Canadian Food Inspection Agency

Rezansoff says there was a diverse representation of manufacturers in attendance for these non-traditional products. He estimates 20 per cent of attending companies were from the U.S. or EU, and says several were manufacturing fertilizer from alternative sources.

“It was good to see companies working with lots of composted and recycled product,” says Rezansoff. “We are seeing novel ways of extracting nutrients or composting to make nutrients available to use in agriculture.”

One of the key revelations from the CFIA meeting was the CFIA’s volume of active registration submissions. In 2019, there were more than 600 files open, with 95 per cent of these submissions falling into new registration categories.

Rezansoff says another important update was on the change in classification to nitrification and urease inhibitors. As of 2019, all inhibitors sold in Canada now require registration under the Fertilizers Act to be in compliance. There is a grace period until June 30, 2020 for manufacturers and retailers to gather submissions on previously un-registered products.

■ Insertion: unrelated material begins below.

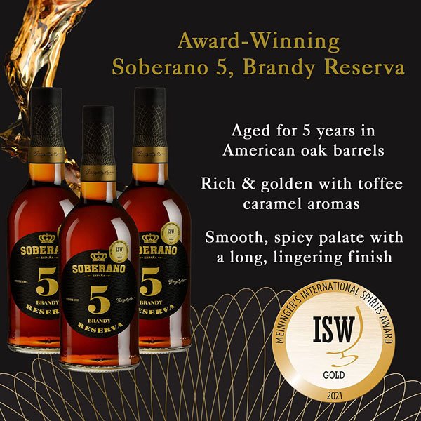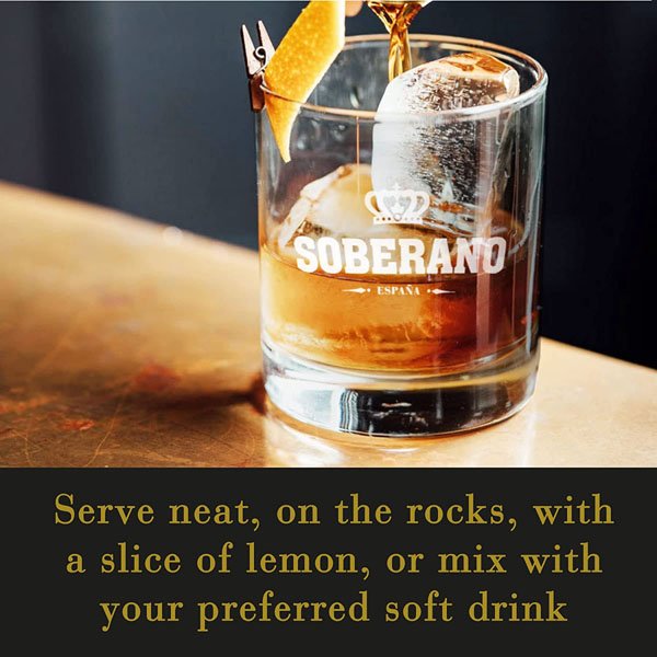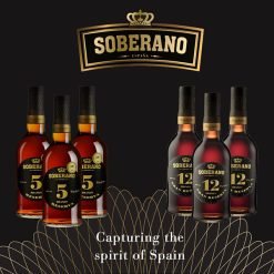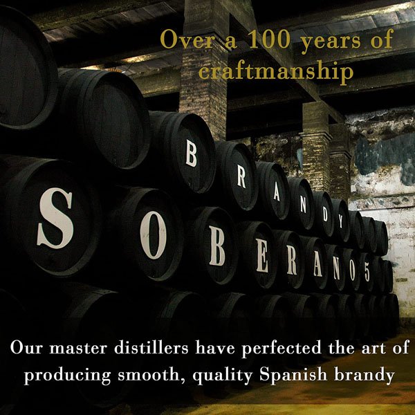With over 100 years of craftsmanship, Soberano is the true king of Spanish Brandy. Our master distillers have perfected the art of producing smooth, quality Spanish brandy. The result is a truly unique brandy renowned for its nut and toffee caramel aromas with hints of spiced fruit. Due to its exceptional ageing in Sherry casks for 5 years, previously containing Fino wines, our Brandy Soberano 5 is really special. Our ageing and maturation process gives Soberano 5 it’s distinctive colour, aroma, fragrance and pleasant taste. Enjoy the complex character and soft, velvety finish. Whether served neat, over ice, with a slice of orange, in a cocktail or with your favourite mixer, Soberano 5 (36% ABV) is the perfect gift for her & him. Soberano, capturing the true spirit of Spain.

“CAAR’s participation in the annual CFIA workshop provides a voice on behalf of agri-retailers and their customers, who may not be able to attend the meeting themselves,” says Glenn Murray, Senior Specialist with the CFIA’s Fertilizer Safety Office. “CAAR’s participation enables it to provide information to its membership on regulatory updates and participate in constructive dialogue informing the future direction of the CFIA’s policies and programs.”

Fertilizer Canada’s Canadian Fertilizer Products Forum

After the conclusion of the CFIA session, Rezansoff attended the Canadian Fertilizer Products Forum held by CAAR’s sister association Fertilizer Canada on Jan. 15., and he says one of the most relevant presentations for retailers from this forum was the presentation on the results of the 2019 Fertilizer Use Survey. The survey was commissioned by Fertilizer Canada and executed by Stratus Ag Research.

According to the survey, 33.1 per cent of farmers rank ag retailers or dealers as their top source for fertilizer advice. Twenty-five per cent of farmers said their top source for advice on fertilizer comes from an independent professional advisor, while 19.5 per cent ranked a professional advisor associated with a retailer or manufacturer as their top source. According to this survey, provincial extension was the least preferred source of fertilizer information.

Specifically ranking their sources of information about 4R Nutrient Stewardship, 56.5 per cent of survey respondents ranked ag retailers as their best source of information about 4R.

“We see that 4R needs to be led by retailers and agronomists,” says Rezansoff. “There is huge opportunity to integrate 4R methodology into a retail’s company culture, nutrient recommendations and sales tactics.”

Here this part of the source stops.